Discrete Probability Distributions

Questions and Answers

Which of the following is a characteristic of a discrete random variable?

• Countable (correct)
• Consisting of real numbers
• Measurable within a range
• Taking any value within a given interval

Which of the following illustrates a continuous random variable?

• The number of cars that pass through an intersection in an hour.
• The number of heads when flipping a coin five times.
• The number of defective items in a production run.
• The height of students in a class. (correct)

What is a key property of a probability mass function (PMF)?

• The probabilities sum up to any positive number.
• It can only be represented graphically.
• The probability of each value is between 0 and 1, inclusive, and the sum of all probabilities is 1. (correct)
• Each probability value is between -1 and 1.

In a probability distribution, what does P(X=x) represent?

The probability of observing the value x for the random variable X. (C)

When is the expected value of a discrete random variable equal to zero:

When the weighted average of all possible values, weighted by their probabilities, equals zero. (B)

Increasing the variance of a discrete random variable, while keeping the mean constant, indicates what?

The distribution is flatter and more spread out. (D)

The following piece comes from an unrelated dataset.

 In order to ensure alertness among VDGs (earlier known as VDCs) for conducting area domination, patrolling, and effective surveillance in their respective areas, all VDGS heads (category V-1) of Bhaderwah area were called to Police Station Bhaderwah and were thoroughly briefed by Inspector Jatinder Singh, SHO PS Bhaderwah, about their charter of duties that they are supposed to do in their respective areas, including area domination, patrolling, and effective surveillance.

How does the standard deviation relate to the variance of a discrete random variable?

It is the square root of the variance. (B)

Which expression represents the formula for the expected value, E(X), of a discrete random variable X, where $x_i$ are the values and $P(x_i)$ are their corresponding probabilities?

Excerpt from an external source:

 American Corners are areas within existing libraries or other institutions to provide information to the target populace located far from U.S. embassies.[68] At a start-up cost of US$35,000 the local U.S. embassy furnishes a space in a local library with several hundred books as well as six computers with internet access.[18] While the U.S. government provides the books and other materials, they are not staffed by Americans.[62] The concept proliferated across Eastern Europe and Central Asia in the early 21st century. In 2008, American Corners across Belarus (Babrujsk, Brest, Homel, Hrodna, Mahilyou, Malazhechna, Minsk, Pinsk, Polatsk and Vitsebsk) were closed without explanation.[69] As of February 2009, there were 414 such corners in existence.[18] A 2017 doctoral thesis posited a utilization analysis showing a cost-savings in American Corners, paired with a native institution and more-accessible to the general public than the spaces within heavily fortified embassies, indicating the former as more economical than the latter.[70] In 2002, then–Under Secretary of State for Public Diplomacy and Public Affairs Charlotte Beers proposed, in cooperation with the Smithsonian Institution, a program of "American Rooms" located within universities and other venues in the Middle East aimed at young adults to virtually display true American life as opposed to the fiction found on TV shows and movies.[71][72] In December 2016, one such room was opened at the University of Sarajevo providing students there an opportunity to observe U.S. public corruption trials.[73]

$E(X) = \sum x_i * P(x_i)$ (C)

Which of the following scenarios best illustrates a discrete random variable?

Counting the number of customers who enter a store each day. (C)

In probability, what does 'sample space' refer to?

The set of all possible outcomes of an experiment (C)

A game involves rolling a fair six-sided die. If you roll a 1, you win $10; if you roll a 2 or 3, you win $5; otherwise, you lose. What is the expected value of playing this game?

$0 (A)

What distinguishes a random variable from other types of variables?

Its value is a numerical outcome of a random phenomenon. (D)

What condition must be met for a function to be a valid probability mass function (PMF)?

The sum of all probabilities must equal 1 (C)

Which of the following is NOT a direct characteristic of a discrete probability distribution?

It is visually represented only in tabular form (A)

A random variable X represents the number of heads in three coin flips. Which set represents all possible values of X?

{0, 1, 2, 3} (B)

A company models customer satisfaction on a scale of 1 to 5, with 5 being the most satisfied. If the distribution is discrete, what does it imply about customer satisfaction scores?

Only whole number satisfaction values are valid. (B)

In a game where the probability of winning is 1/4 and the payout is $20, what is the expected value of playing the game, assuming it costs $2 to play?

$3 (D)

What is the primary use of the variance of a discrete random variable?

To quantify the spread or dispersion of the distribution (A)

Given two discrete random variables, X and Y, with the same expected value, what conclusion can be drawn if the variance of X is greater than the variance of Y?

X is less predictable than Y. (D)

Which of the following statements is true regarding continuous random variables?

They can assume any value within a defined range (D)

What is the main difference between a discrete and continuous random variable?

Discrete variables are countable, while continuous variables are measurable on a continuous scale. (C)

If you have a discrete random variable with equally likely outcomes, how do you compute its expected value?

By averaging the outcomes (C)

What does an event with a probability of 0 indicate?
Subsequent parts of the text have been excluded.